L'amyraldianisme est le système de théologie réformée proposée par le théologien français Moïse Amyraut et ses associés à l'Académie de Saumur au 17e siècle. Ses enseignements distinctifs en rapport avec d'autres systèmes (calvinisme, arminianisme et luthérianisme) se concentraient sur les doctrines de la grâce, de la prédestination et du dessein de l'expiation.

Fondamentalement, Amyraut s'engagea dans une controverse avec les calvinistes de son temps qui ont façonné leur système théologique autour du décret de la prédestination. La théologie réformée du 17e siècle tournait autour de l'élection souveraine et de la réprobation. Amyraut insistait que la doctrine principale de la théologie chrétienne n'est pas la prédestination mais la foi qui justifie. (...) Pour Amyraut, la prédestination est un mystère impénétrable qui offre une explication au fait que certains acceptent Christ alors que d'autres le rejettent.
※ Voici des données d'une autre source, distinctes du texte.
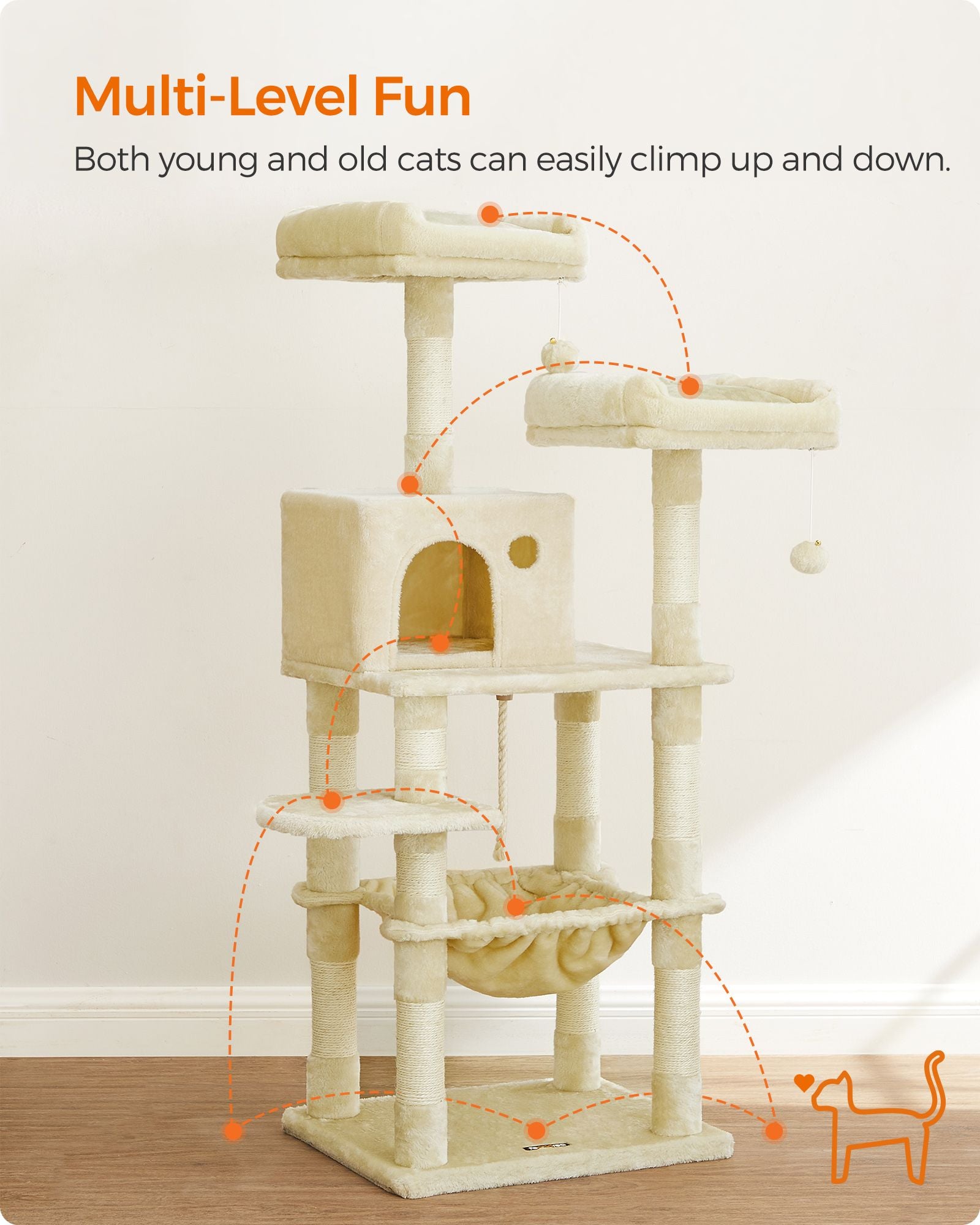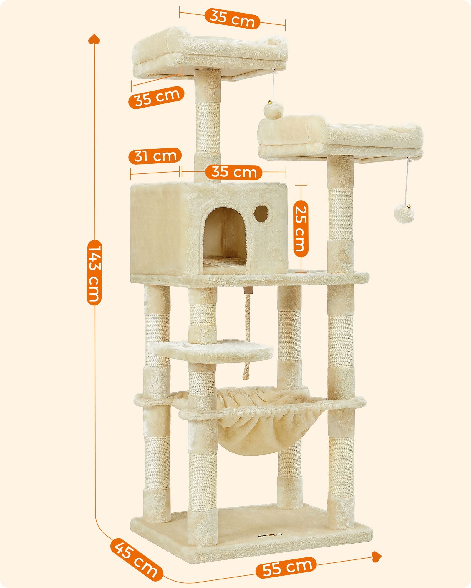 Cet arbre à chats possède 2 plateformes aux bords rembourrés et une niche, offrant de l’espace pour l’observation et le repos, il convient aux familles avec plusieurs chats.

(...) L'alliance de la grâce établie entre Dieu et l'humanité requière la foi dans l'oeuvre accomplie par Christ. Dans l'amyraldianisme, l'alliance de la grâce est divisée en deux parties : une alliance conditionnelle de grâce universelle et une alliance inconditionnelle de grâce particulière. Pour quelle soit actualisée, la grâce universelle demande que la condition de la foi soit remplie. Pour l'alliance inconditionnelle de grâce particulière, elle prend racine dans le bon plaisir de Dieu, elle n'appelle pas la foi comme condition, plutôt elle crée la foi chez la personne qui est élue.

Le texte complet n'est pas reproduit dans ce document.